At Loomis, he completed The Gallery in April 1946. Harper & Brothers published it in 1947 and it became a best-seller. It depicted life in Allied-occupied North Africa and Naples in 1944 from the perspective of several different characters. Burns explored the average man's resentment of the military, his struggle to assert his individuality within the complex war effort, the tension between officers and enlisted men, the psychological effects of dislocation, economic and social inequality between the Americans and those they defeated, the experience of homosexual military personnel, and the popular life of Naples in 1944 under Allied occupation. The title referred to the Galleria Umberto I, a shopping arcade in Naples through which all of the main characters pass. The work was unconventional in structure, comprising portraits of nine characters interspersed with eight recollections narrated by an anonymous American soldier following a route much like the one Burns tracked.

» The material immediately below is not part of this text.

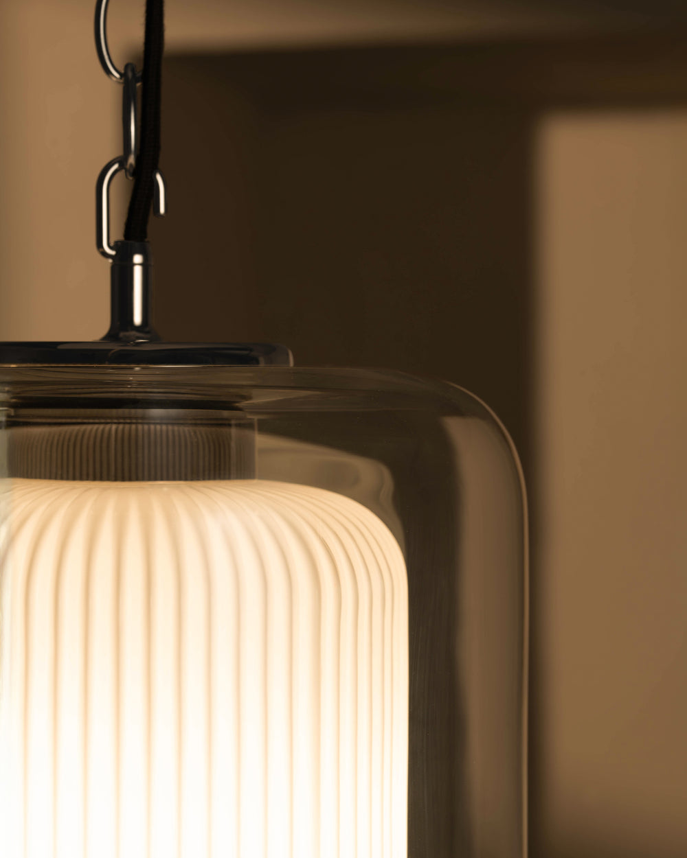 Windsor is our double-layer pendant that combines a fluted opal glass inner and clear glass outer shade.

In the words of Paul Fussell, "Burns relied on discontinuity, like a sort of prose T.S. Eliot, thus suggesting incoherence as a contemporary social characteristic." Major newspapers and authors including Ernest Hemingway and Edmund Wilson praised it. The Saturday Review called the novel "the best war book of the year". John Dos Passos wrote:

It is written with a reality of detail and a human breadth and passion of understanding that is tonic, healthgiving. If Americans can still write in this sort of exultation of pity and disgust of the foul spots in the last few years of our history, then perhaps there is still hope that we can recover our manhood as a nation and our sense of purpose in the world.

A 1949 survey of the literature of World War II in Military Affairs credited Burns for the novel's "psychological study of rear echelon service personnel" and for capturing their speech, faulting only his attempt to depict infantry combat. Charles Poore in the New York Times thought Burns "has a great deal on the ball and he'll do even better when he gets it more under control." He called it "a rancorously vivid portrait" of "the mentally and morally lost" and noted that "some of its gamier passages show that you can say practically anything in a novel now." Time magazine mentioned that the novel depicted "an evening spent in a homosexuals' hangout", an entire chapter other reviewers left unmentioned.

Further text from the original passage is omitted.